_WORK TASK:_ Go through the entries one line at a time, and gather every line that has the word "like".

_DATASET RECORDS:_
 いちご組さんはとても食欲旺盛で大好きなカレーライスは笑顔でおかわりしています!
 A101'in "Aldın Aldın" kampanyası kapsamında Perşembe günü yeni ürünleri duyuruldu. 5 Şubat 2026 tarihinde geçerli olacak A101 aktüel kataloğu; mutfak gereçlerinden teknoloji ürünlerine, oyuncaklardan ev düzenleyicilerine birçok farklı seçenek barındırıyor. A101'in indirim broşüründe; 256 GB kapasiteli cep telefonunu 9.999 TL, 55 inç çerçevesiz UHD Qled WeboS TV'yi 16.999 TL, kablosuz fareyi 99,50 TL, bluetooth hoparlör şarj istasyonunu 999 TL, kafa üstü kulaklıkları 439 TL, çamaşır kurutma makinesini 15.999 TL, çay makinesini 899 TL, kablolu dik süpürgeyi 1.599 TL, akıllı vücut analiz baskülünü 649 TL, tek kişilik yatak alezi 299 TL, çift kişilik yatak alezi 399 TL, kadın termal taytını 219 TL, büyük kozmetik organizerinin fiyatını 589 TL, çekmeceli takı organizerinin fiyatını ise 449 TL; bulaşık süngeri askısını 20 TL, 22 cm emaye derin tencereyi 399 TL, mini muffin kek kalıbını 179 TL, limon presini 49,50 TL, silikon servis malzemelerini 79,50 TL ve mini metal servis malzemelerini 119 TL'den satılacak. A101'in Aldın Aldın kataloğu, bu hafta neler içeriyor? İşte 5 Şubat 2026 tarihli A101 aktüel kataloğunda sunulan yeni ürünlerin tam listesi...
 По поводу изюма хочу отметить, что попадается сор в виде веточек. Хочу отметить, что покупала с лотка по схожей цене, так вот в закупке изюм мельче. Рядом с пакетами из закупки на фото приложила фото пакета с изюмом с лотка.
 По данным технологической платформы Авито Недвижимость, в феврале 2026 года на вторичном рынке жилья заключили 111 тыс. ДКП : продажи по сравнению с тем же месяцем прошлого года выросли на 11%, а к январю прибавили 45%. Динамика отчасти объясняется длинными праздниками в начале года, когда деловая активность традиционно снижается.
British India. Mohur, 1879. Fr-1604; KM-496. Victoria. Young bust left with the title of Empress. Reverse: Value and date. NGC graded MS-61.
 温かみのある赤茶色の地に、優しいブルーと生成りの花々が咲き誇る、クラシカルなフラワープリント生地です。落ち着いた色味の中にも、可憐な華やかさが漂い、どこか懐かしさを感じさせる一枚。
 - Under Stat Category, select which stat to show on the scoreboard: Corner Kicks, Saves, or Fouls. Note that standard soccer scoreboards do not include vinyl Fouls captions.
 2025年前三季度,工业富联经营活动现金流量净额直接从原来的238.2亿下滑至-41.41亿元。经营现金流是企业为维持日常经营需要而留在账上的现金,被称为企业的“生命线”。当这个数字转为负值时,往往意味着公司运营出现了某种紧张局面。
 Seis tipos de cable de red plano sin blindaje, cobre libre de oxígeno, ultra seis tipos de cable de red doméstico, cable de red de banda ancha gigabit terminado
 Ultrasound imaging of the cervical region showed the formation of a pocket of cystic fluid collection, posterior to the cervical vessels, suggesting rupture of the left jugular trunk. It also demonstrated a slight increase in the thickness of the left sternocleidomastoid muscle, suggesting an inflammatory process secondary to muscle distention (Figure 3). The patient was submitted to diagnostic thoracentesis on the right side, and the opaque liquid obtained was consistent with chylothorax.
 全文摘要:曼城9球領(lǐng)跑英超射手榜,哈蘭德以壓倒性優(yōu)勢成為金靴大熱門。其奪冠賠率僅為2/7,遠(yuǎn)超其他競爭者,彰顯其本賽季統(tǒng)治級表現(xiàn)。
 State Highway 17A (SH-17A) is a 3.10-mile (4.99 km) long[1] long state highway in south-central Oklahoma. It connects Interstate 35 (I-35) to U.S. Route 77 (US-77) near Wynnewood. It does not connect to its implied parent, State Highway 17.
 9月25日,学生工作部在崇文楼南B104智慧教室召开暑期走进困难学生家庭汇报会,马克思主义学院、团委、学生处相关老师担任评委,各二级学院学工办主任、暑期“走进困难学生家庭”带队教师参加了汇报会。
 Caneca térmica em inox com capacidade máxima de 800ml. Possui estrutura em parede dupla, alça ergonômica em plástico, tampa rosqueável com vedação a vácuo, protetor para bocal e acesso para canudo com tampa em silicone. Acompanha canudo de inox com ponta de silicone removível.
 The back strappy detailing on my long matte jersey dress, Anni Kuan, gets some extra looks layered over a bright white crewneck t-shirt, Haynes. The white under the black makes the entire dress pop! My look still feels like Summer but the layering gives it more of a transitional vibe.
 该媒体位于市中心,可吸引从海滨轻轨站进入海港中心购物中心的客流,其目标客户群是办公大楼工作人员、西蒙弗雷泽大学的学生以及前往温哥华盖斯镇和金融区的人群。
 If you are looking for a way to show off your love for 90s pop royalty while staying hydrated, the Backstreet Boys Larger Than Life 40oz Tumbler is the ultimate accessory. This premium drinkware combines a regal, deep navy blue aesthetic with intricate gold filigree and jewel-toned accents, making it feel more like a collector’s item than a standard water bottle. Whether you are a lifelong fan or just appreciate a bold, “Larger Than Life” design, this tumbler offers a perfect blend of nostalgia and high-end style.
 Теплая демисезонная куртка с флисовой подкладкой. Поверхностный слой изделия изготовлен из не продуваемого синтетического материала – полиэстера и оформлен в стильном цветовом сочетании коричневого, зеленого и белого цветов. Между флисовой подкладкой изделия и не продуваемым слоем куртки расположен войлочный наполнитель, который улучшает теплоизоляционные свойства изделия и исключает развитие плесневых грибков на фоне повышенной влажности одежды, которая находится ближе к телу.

_YOUR RESPONSE:_
 The back strappy detailing on my long matte jersey dress, Anni Kuan, gets some extra looks layered over a bright white crewneck t-shirt, Haynes. The white under the black makes the entire dress pop! My look still feels like Summer but the layering gives it more of a transitional vibe.
 If you are looking for a way to show off your love for 90s pop royalty while staying hydrated, the Backstreet Boys Larger Than Life 40oz Tumbler is the ultimate accessory. This premium drinkware combines a regal, deep navy blue aesthetic with intricate gold filigree and jewel-toned accents, making it feel more like a collector’s item than a standard water bottle. Whether you are a lifelong fan or just appreciate a bold, “Larger Than Life” design, this tumbler offers a perfect blend of nostalgia and high-end style.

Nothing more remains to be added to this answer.